The move to a six-cylinder dual turbocharged engine is probably the most eagerly awaited, as it is a serious under-the-skin change. Secondly, and more likely to feature prominently in BMW marketing campaigns than in the minds of petrolheads, is the “introduction” of the M4 Coupe, which is really the new designation for what was known and loved as the M3 Coupe.
Fans fearing the demise of the V8 could spell a slowing in the M3’s relentless march towards ever better cars can relax.
The new six is simply awesome and really does combine the best of a high-revving naturally aspirated unit with raw turbocharged power. Kyalami racetrack provided the empirical proof – not because of the number of high-speed laps at the vehicle’s local launch, but rather by the number of tyres destroyed by the mighty M as it screeched its way around.

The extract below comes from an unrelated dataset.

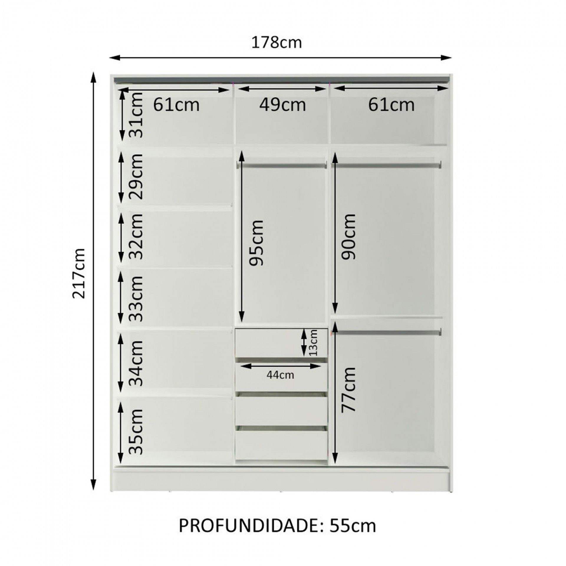 Interior do Roupeiro: Na porta do lado esquerdo possui 5 prateleiras | na porta central uma prateleira superior, um compartimento com varão a meio e 4 gavetas inferiores | na porta da direita existe 1 prateleira superior e dois compartimentos com varão, um por cima do outro. - Medidas: 180 x 217.5 x 54.7 cm

My contribution to the demise of the tyres was unfortunately not so much the searingly fast laps I was able to achieve, but rather the time it took to come to terms with just how much torque was available. Anything lower than third gear and the rear threatened – promised rather – to break away until the traction control stepped in to calm things down. The M TwinPower Turbo technology helps the 3-litre engine produce 317kW and 550 Nm – quickly. The launch vehicles were fitted with the optional seven-speed M double clutch transmission and it was overly tempting to flick the steering wheel activated paddles more frequently than necessary. Until the polite BMW High-Performance instructor pointed out that the car lapped quickest using only third and fourth gears thanks to the massive torque so I was destined to wrestle with the wriggling rear – and that was with the electronics helping out.
But once a more relaxed approach was taken, the M3 proved reasonably easy to drive, given its out-and-out performance ability, owing to how long a gear could actually prove to be thanks to the broad power band.
The standard gearbox is a six-speed manual with a robust double-plate clutch. This unit is considerably more compact than its predecessor and 12kg lighter. As a means of increasing shift comfort, the manual gearbox uses new carbon-friction linings in its synchroniser rings. Dry sump lubrication provides an efficient supply of oil to all parts of the engine. The gearbox blips the throttle on downshifts, which improves the smoothness of the transmission.
Weight is obviously a crucial factor when building a performance car and BMW have managed to remove about 80kg compared with a similarly equipped predecessor model. That might not seem like much in the context of the approximately 1 500kg kerb mass of the M4, but bear in mind that weight penalties applied in increments of 10kg can determine the difference between the front and the back of the grid in production car racing. Indeed, in so far as I could feel a difference I felt that the better car on the track was the marginally lighter M4, despite having a personal overall preference for the M3 sedan. The weight saving has been achieved by way of increased use of lightweight materials, such as carbon fibre-reinforced plastic (CFRP) and aluminium for a number of chassis and body components. Both models feature a carbon roof.
One of the primary objectives in the development of the BMW M3 Sedan and BMW M4 Coupe was to ensure the new cars offered impressive race track capability. Hence the presence of a track-specification cooling system, which ensures that the optimum temperature balance for the engine, turbochargers and transmission is maintained at all times. Despite being subjected to continuous lapping for a couple of hours, admitedly with stops for driver changes every three or four laps, the M cars showed no signs of distress. What was interesting was that the ceramic brakes fitted as an option on the M3 clearly outperformed the conventional discs fitted on the M4. I am fairly certain this difference would only become apparent under track conditions, but it is worth remembering if you intend doing the odd track day. It would be sad not to give the vehicles excellent performance characteristics.
An indication of just how serious the BMW engineers were about the M cars’ performance can be found in their use of CFRP in the manufacture of the drive shaft.
This component feeds the engine’s torque from the gearbox to the rear differential and works under extremely heavy loads – especially in high-performance vehicles. The stiffness and low weight of the CFRP tubing allow the drive shaft to be constructed as a single-piece unit with no centre bearing. There is a weight saving of 40% over its predecessor and consequently a reduction in rotating masses.
There are also adjustable steering response and suspension settings, which are both essential to making the Ms genuine road and track cars, along with a host of other innovations to keep drivers both safe and excited. If you want one you will have to wait a couple of months, such is the demand. But it will definitely be worth it.